## SUPPLIED MATERIAL
******
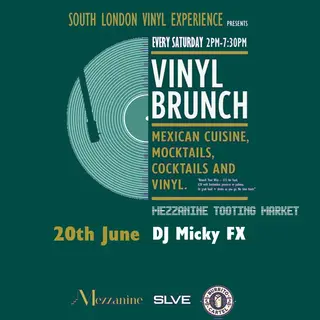 SLVE Vinyl Brunch w/ DJ Micky FX takes place at Mezzanine - Tooting in London, United Kingdom on June 20, 2026. Disco and Funk / Soul sounds all night.
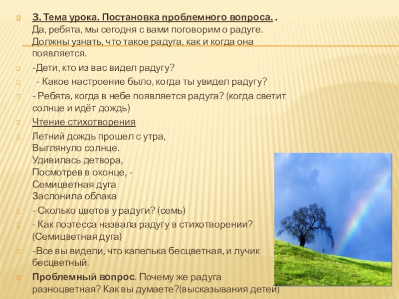 с вами поговорим о радуге. Должны узнать, что такое радуга, как и когда она появляется.
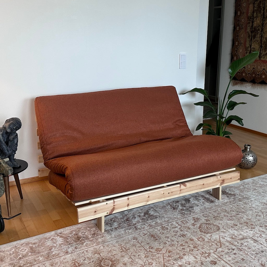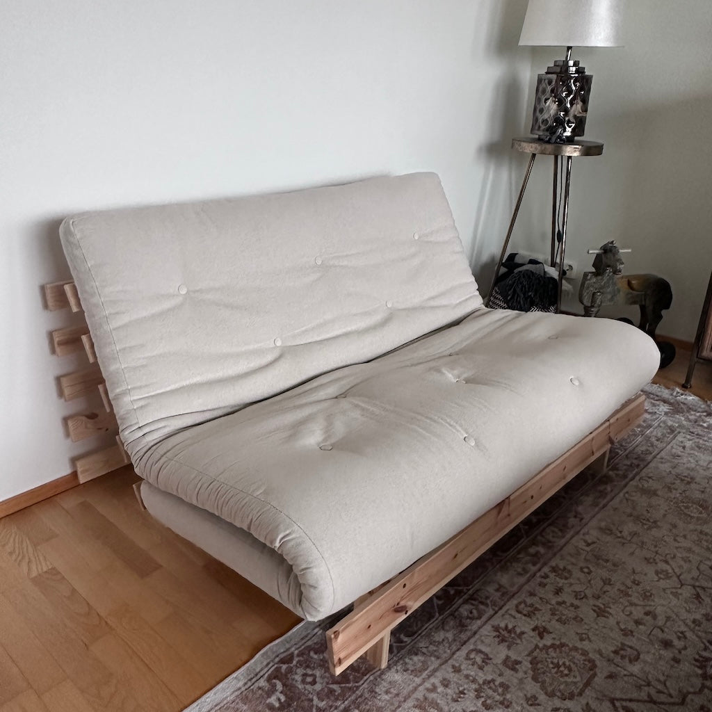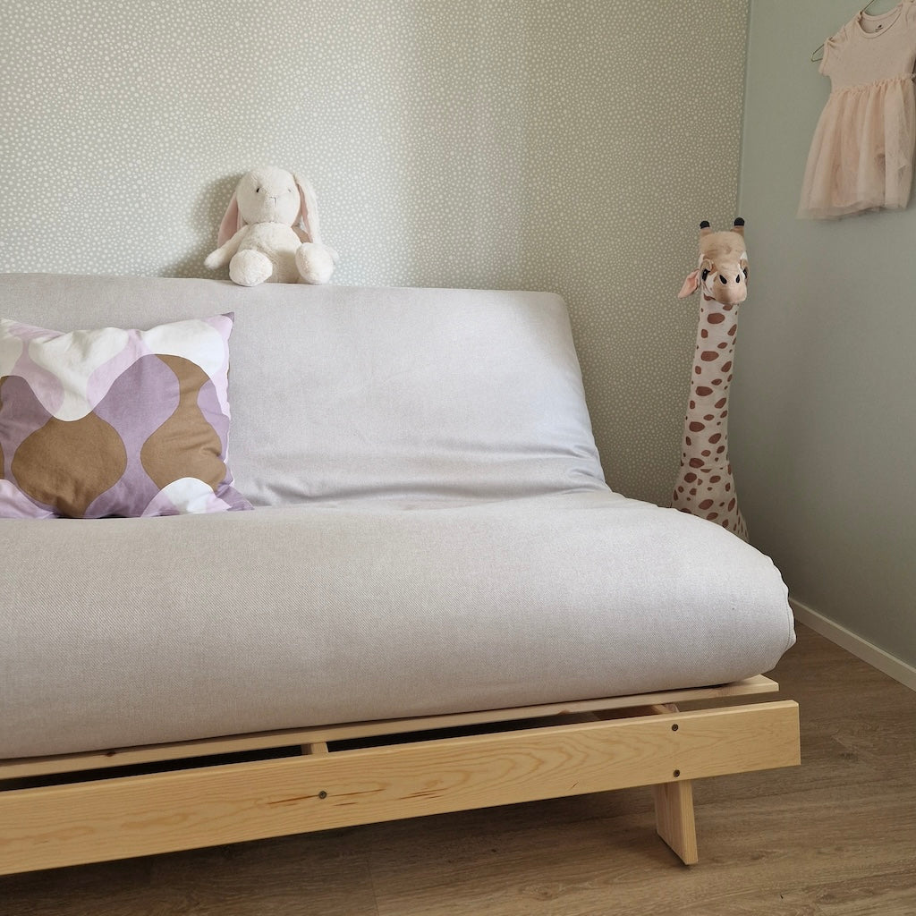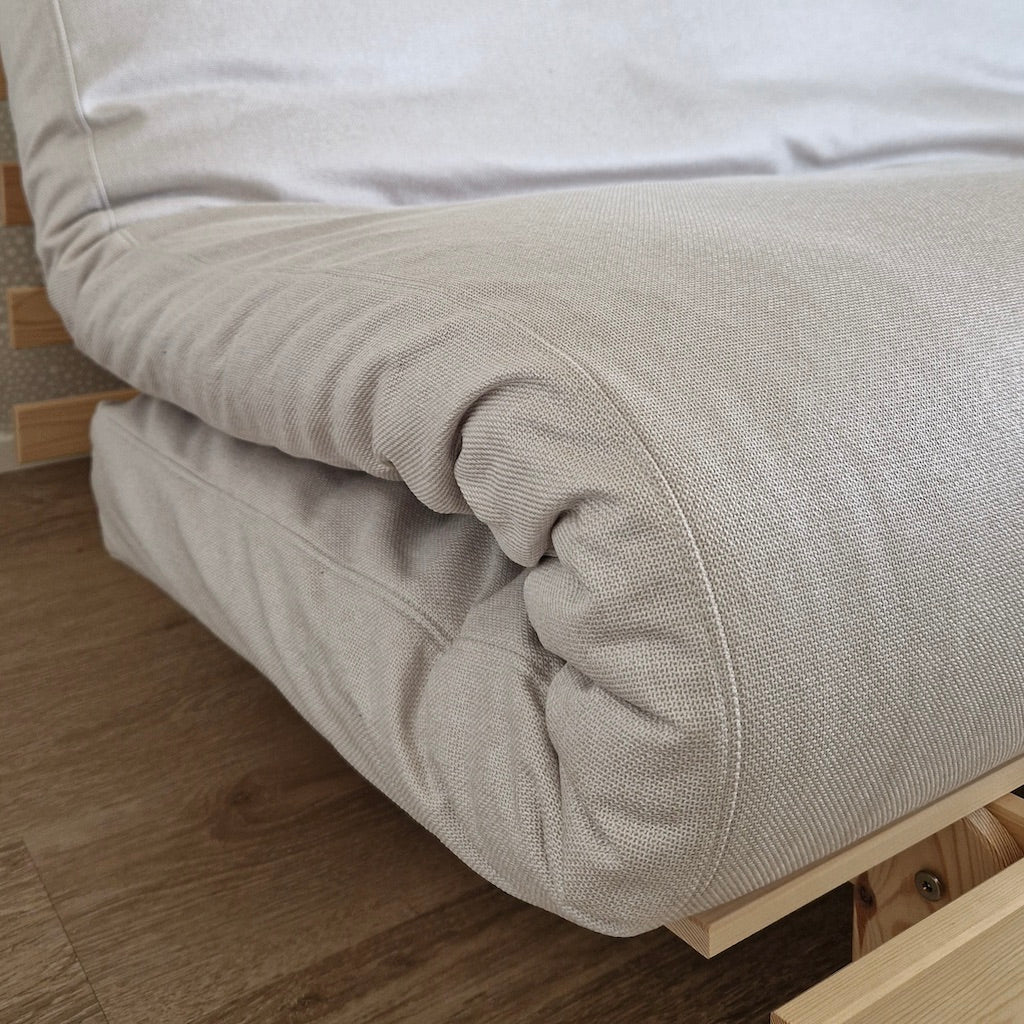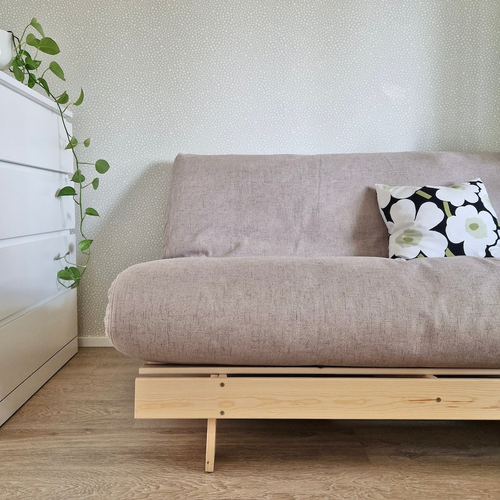 Suunnittelimme futonsohvien futonpatjoille oman tyylikkään irtopäällisen, jolla on kätevä siistiä futonsohvan patja tai vaikka vaihtaa koko sohvan väriä. Vetoketjulla puettava päällinen on helppo sekä pukea että riisua patjan päältä. Päälliset voi vesipestä 40 asteessa.
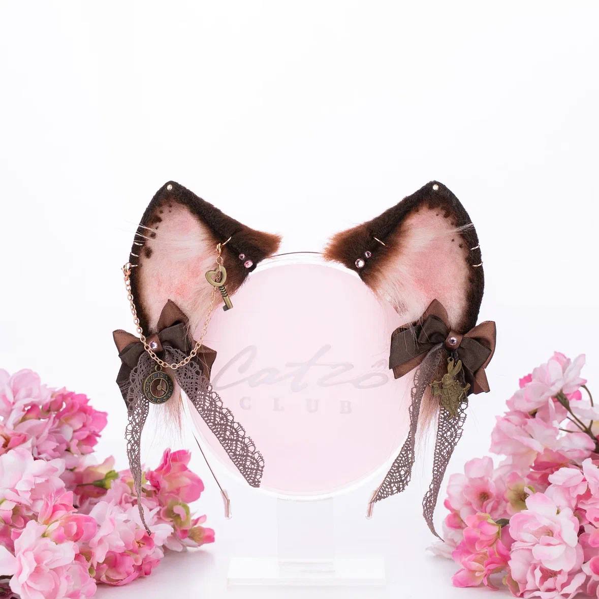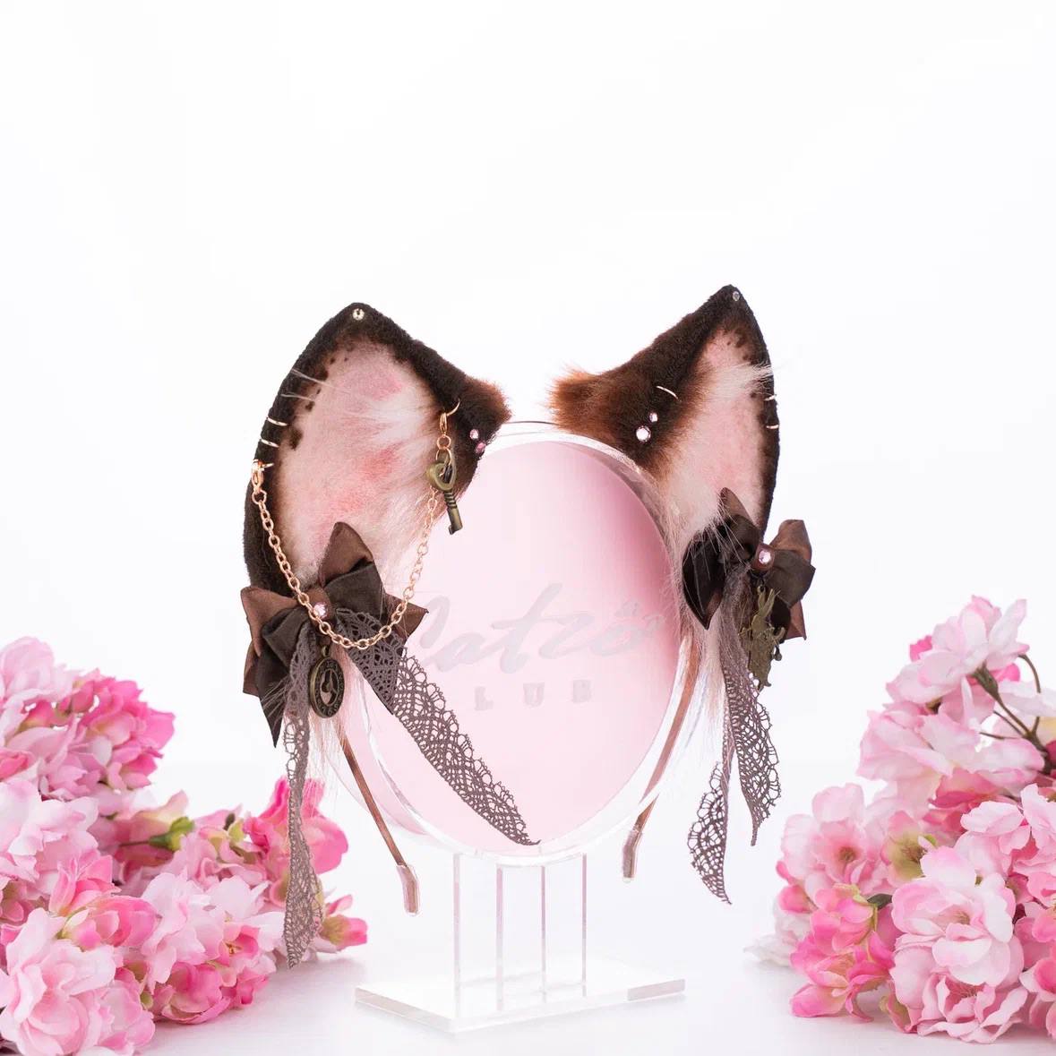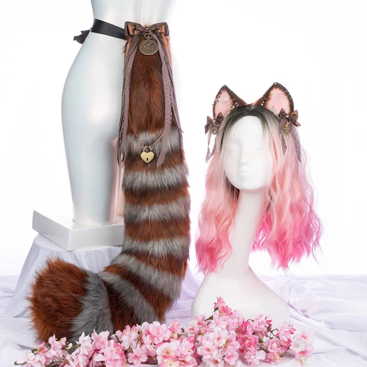 Black and orange kitten tail is approximately 35 inches long and made of top quality faux fur. Decorated with removable bat winged bow with a Catzo pumpkin enamel pendant. The tail is attaching by an elastic belt loop with a wide double-sided ribbon to go on the waist. Has a lobster clasp for attaching to clothes.
******
## WHAT THE TASK REQUIRES
Reproduce the material above exactly but drop all images.

## SOLUTION BELOW
 SLVE Vinyl Brunch w/ DJ Micky FX takes place at Mezzanine - Tooting in London, United Kingdom on June 20, 2026. Disco and Funk / Soul sounds all night.
 с вами поговорим о радуге. Должны узнать, что такое радуга, как и когда она появляется.
 Suunnittelimme futonsohvien futonpatjoille oman tyylikkään irtopäällisen, jolla on kätevä siistiä futonsohvan patja tai vaikka vaihtaa koko sohvan väriä. Vetoketjulla puettava päällinen on helppo sekä pukea että riisua patjan päältä. Päälliset voi vesipestä 40 asteessa.
 Black and orange kitten tail is approximately 35 inches long and made of top quality faux fur. Decorated with removable bat winged bow with a Catzo pumpkin enamel pendant. The tail is attaching by an elastic belt loop with a wide double-sided ribbon to go on the waist. Has a lobster clasp for attaching to clothes.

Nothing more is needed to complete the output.